News - Mercedes-Benz
Updated diesel engine above board: Mercedes
New 2.0-litre C220d C-Class variant will not need software update, says Benz
18 Jun 2018
By ROBBIE WALLIS in GERMANY
MERCEDES-BENZ says that the 2.0-litre OM654 unit in the updated C-Class mid-sizer will not attract the attention of its 2.2-litre predecessor, following the mandatory recall of 774,000 turbo-diesel engines in Europe due to the alleged fitment of illegal emissions defeat software.
As GoAuto has reported, Germany’s transport ministry ordered Mercedes-Benz to recall its passenger vehicles and vans fitted with its 1.6- and 2.2-litre engines, the latter of which is offered in Australian examples of the C220d mid-sizer and GLC220d SUV.
Mercedes-Benz Australia/Pacific is still awaiting instruction from Germany as to whether it needs to take action.
Benz has denied any wrongdoing, but has agreed to apply a software fix to affected German-spec vehicles.
However at the launch of the updated C-Class in Germany, one senior powertrain official told GoAuto that the new 220d variant should not require any software updates.
The 2.0-litre engine powering the new 220d – which is also found in the current 250d – has been revised to include a new exhaust after-treatment system that is now mounted closer to the engine block, allowing the system to reach its optimal operating temperature quicker from a cold start, which makes for lower engine emissions.
Other advancements to the new engine include a stepped-bowl combustion process, an aluminium engine block replacing the old cast-iron block, resulting in a 35-40kg weight reduction, and improved cylinder wall coating and air ducting on the intake and exhaust sides.
While the 2.0-litre engine in 220d guise outputs 143kW/400Nm, Mercedes says the changes have allowed for power outputs of up to 180kW, comparable to most six-cylinder diesel engines.
As a result of the changes, the OM654 engine is certified for Euro 6D-Temp emissions standards, the highest currently achievable.
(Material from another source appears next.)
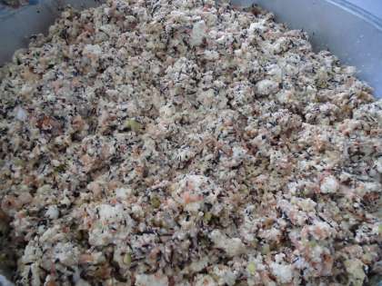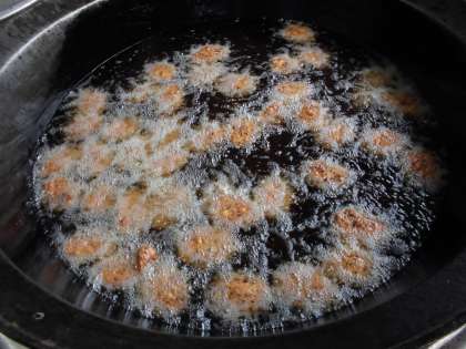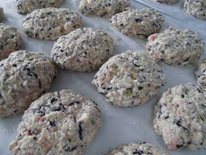 真砂(まさご)とは、細かい砂という意味です。具材を細かく刻んで作ります。絞りとうふ、細かく刻んだむきえび、鶏ひき肉、ちりめんじゃこ、ながねぎ、にんじん、ひじき、調味料を合わせてよく混ぜます。低学年・中学年・高学年の量に分け、小判型に作ります。油でカラッと揚げます。
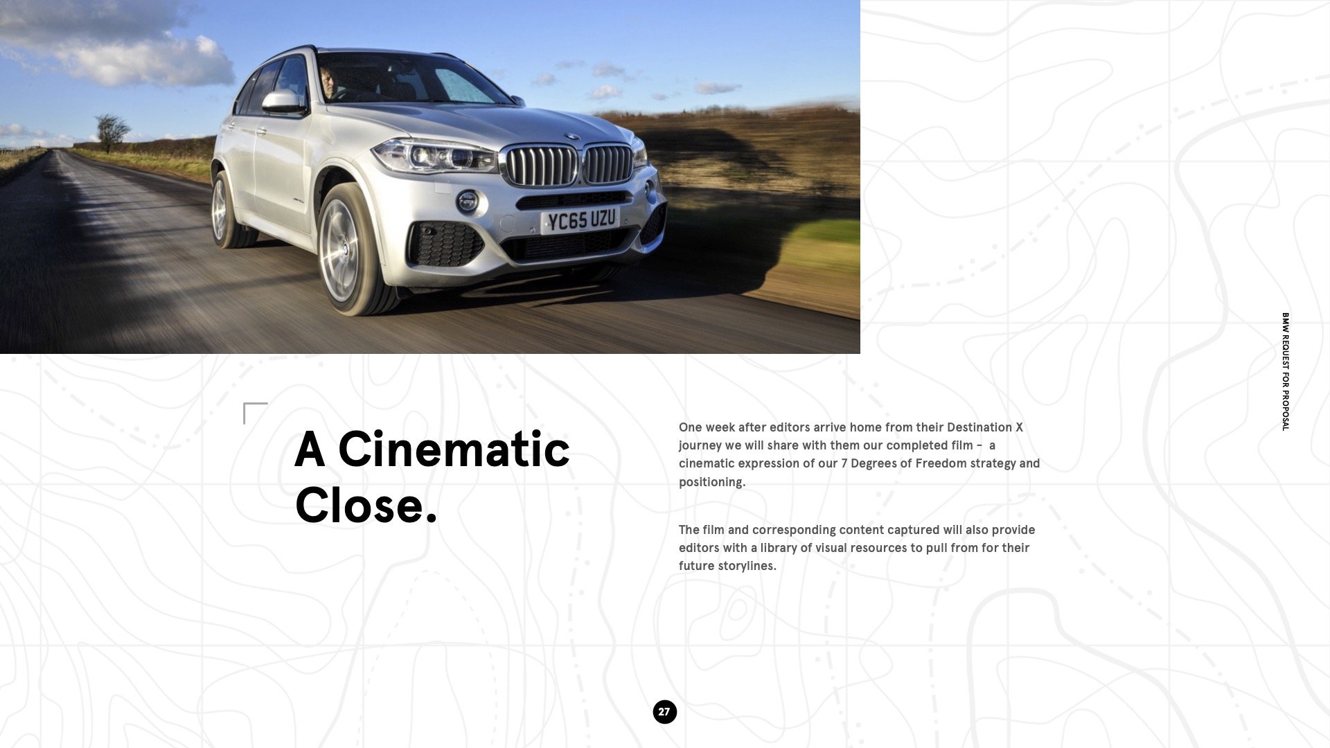I was pulled in by United Entertainment Group (UEG) to lead creative on a pitch for BMW Group's Rolls Royce brand. The success of that pitch led to the agency retaining me and an opportunity to pitch for larger business with BMW Group—specifically, national press events for BMW.

The new donk continues to use the AdBlue additive system to help reduce emissions, which was the cause of concern for the old OM651 diesel mill.
The allegations levelled against Mercedes claim that the engine software fault caused the amount of AdBlue – which helps reduce levels of nitrous oxide in the exhaust gases – to drop after a certain amount of time.
The number of Australian vehicles affected by the recall is expected to be relatively small, as local customers have shown a preference for petrol-powered C-Class variants. The C220d and C250d are the only diesel variants in the outgoing C-Class range.